The Senate Democratic leader made no assurances about what might happen in the state Assembly, which is also controlled by Democrats.

Steinberg said some Republican legislators are also concerned about the depth of budget cuts to come.

"A dirty secret is some of their members don't like these cuts either," he said.

Fresh from a Senate Democratic Caucus retreat earlier this week with business figures, Steinberg acknowledged that he would like businesses to support the tax measure idea, along with some Republican legislators.

He acknowledged that the bid to cut regulations might help that effort.

"I always thinks that good policy makes for good politics," he said. "I didn't put this out there primarily as a strategy to induce Republicans to cast the necessary votes to extend the taxes. The primary purpose is to make it clear to the people of California that we get it, and that we aim to do things differently."

The GOP's minority Senate leader, Sen. Bob Dutton of Rancho Cucamonga, reacted favorably to Steinberg's idea for a regulatory overhaul.

"I would like to thank Senate Pro Tem Steinberg for his decision today to introduce urgency legislation to review all of California's thousands of regulations that have contributed to the loss of private-sector jobs over the past several years," Dutton said in a statement Friday.

He said he and other GOP legislators have long proposed regulatory reforms that have been met with defeat.

The California Chamber of Commerce reserved judgment.

"We would love to comment after we see the details of the actual proposal when it is introduced," said Denise Davis, a chamber spokeswoman.

Steinberg said the regulatory review idea is not meant to "weaken or undermine public health, environmental or worker safety protections," but rather to get rid of "archaic" regulations and duplication that delay investment.

But he said there's room to go beyond sheer duplication. He said that he knows of businesses, for example, that want to store biofuels but are foiled because while air quality officials favor it, a specific water quality concern makes it "impossible."

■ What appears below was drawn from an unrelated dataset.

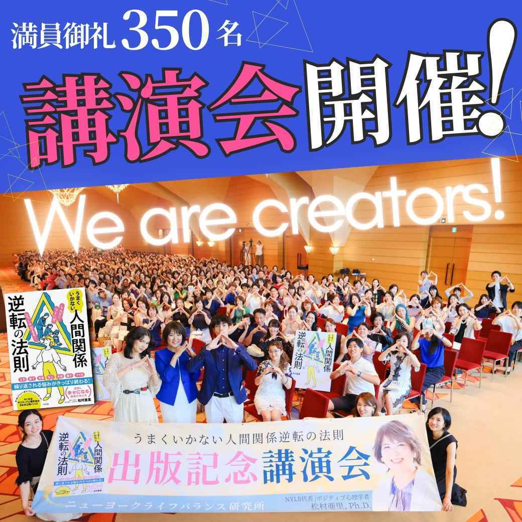 開催日:2024年7月7日(日) 13:00〜15:00会場:東京アメリカンクラブ(東京都港区)来場者数:約350人ポジティブ心理学者でニューヨークライフバランス研究所代表、松村亜里の6冊目の新刊「うまくいかない人間関係逆転の法則」(すばる舎)の出版記念講演会が、東京アメリカンクラブで開かれました。国内外から、総勢350人もの方々がご参加! 嬉しい「満員御礼」となりました。日本未公開となる、とっておきのメソッドをいち早く体験。幸福感が会場いっぱいに満たされた、感動の講演会をリポートします。◆開場前から、同窓会さながらの賑わい東京アメリカンクラブのシンプルかつ気品漂うエントランスから、落ち着いた雰囲気のエスカレーターを下ると、華やかな会場に到着します。受付では、みなさん少し緊張した面持ちでしたが、開場が迫るころには、まるで同窓会!北は北海道、南は沖縄から。さらに海外からは、アメリカ、フランス、イタリア、タイなど。日本中、世界中から、この日のために多くの方が駆け付けてくださいました。松村を通じてご縁のあった方々同士、直接会える絶好のチャンス。近況報告をし合ったり、本の出版を喜び合ったり、話が尽きない様子。いつもはオンラインの画面越しでしか会えなかった皆さんと、リアルで集えたことで、感激もひとしおでした。またそこから、新しい出会いが生まれ、繋がっていく。そんな場が、開幕前から早くも生まれていました。◆ 笑顔あふれる多彩なブース会場ブース会場も、大変な盛り上がり!人間関係はもちろん、自己肯定感やキャリア、子育て、アロマの癒しなど、魅力的なテーマがズラリ。スタンプラリーやプレゼントなど、来場者に楽しんでいただけるよう、様々な趣向を凝らしました。来てくださった方たちからは「どのブースも楽しかった!」と喜びの声をいただきました。その中でも、とても興味深かったのが、「女性のパワーを感じた。今まで日本は男性社会だったけれど、 これからは女性が、こうして活躍していける時代になると実感できた」というご感想でした。今回出展した6つのブースは、いずれも女性が主催。共通点として「女性を応援していきたい」という思いがあったと思います。その気持ちが、来場者の皆さんにも伝わったのですね。希望に満ちた、笑顔あふれるブース会場でした。◆ 全員参加の記念講演会。幸福感が会場いっぱいに!「亜里さんに会うのは初めて!」「リアルの講演会は初めて参加」という方も多い中、記念講演会がスタート。明るい音楽と、参加者の温かい拍手に包まれながら、講師の松村亜里が登場しました。「ポジティブ心理学とは?」というテーマから始まり、6冊目の著書である「うまくいかない人間関係逆転の法則」(すばる舎刊)について、より深くポイントを解説。さらに、ポジティブ心理学特有の「”ある”ものを見る」という視点について、松村自身の経験談を交えながら、参加者へエールを送りました。解説を聞くだけでも大満足なのですが、この講演会の最大の特徴は、全員参加型の「ワークショップ」があること!まずは、前述のテーマについて理解を深めた後、3人グループに分かれ、そのテーマに関するお話をしていただきました。ここで大切になるポイントが、ACR(積極的建設的傾聴)。※ACRについては、 ポジティブ心理学コンサルタント養成講座の開催報告を参考にしてください。 https://ameblo.jp/arimblog/entry-12852766300.htmlこのACRを意識してワークショップを行うと、不思議に場の雰囲気が変わるのです。初めは戸惑いがあったものの、すぐに会場はたくさんの話し声で満たされ、アミューズメントパークのようなにぎやかさに!初対面の人が多かったにも関わらず、「幸福感が高まりましたか?」「隣の人をもっと好きになりましたか?」という問いに、皆さん笑顔で手を上げられていたことが印象的でした。講演会後半では、実際に「人間関係逆転の法則」を経験された、鈴木尚子さん、石原直樹さん、藤井直子さんの3名と、松村とのトークライブ。日常にあった、リアルな体験談を聞くことで、より具体的に理解を深めることができました。「人は、いつでもどこでも誰でも、幸せを作り出すことができる!」という松村の最後のメッセージは、それぞれの心に深く刻まれたことでしょう。たくさんの優しい笑顔で満たされた、温かい講演会。来場された皆さんの幸福度は、きっと倍増されたことと思います。◆成功裡に終えて(スタッフより一言)準備段階から、何度もミーティングを重ね、確認し合う日々。「妥協なく最高の場所を用意し、みなさんに最幸の1日を過ごしてほしい」という熱い想いと共に、イベント本番に臨みました。そして、スタッフ全員が「自分たちも全力で楽しむこと!」で、最高のイベントを企画・実施することができました。松村が大切にしている「No one left behind(誰一人取り残さない)」というポリシー。誰かが我慢するのではなく、やりたい人がやって、楽しむこと。これが

He'd like to see that conflict resolved in favor of biofuels.

Sierra Club California director Bill Magavern said, "We agree with the goal" of getting rid of duplication in regulations, but he wasn't ready to agree with Steinberg's biofuels example.

Steinberg also told The Bee that he wants urgency legislation that allows businesses to request a "consolidated and coordinated" state review process to obtain permits.

"We need to do a whole lot better in providing a friendlier business climate," Steinberg said.

Asked why California didn't streamline regulations under former Gov. Arnold Schwarzenegger, Steinberg said the Republican governor "probably tried to do too much at one time, and poked a lot of people prematurely without doing the foundational work to build some consensus."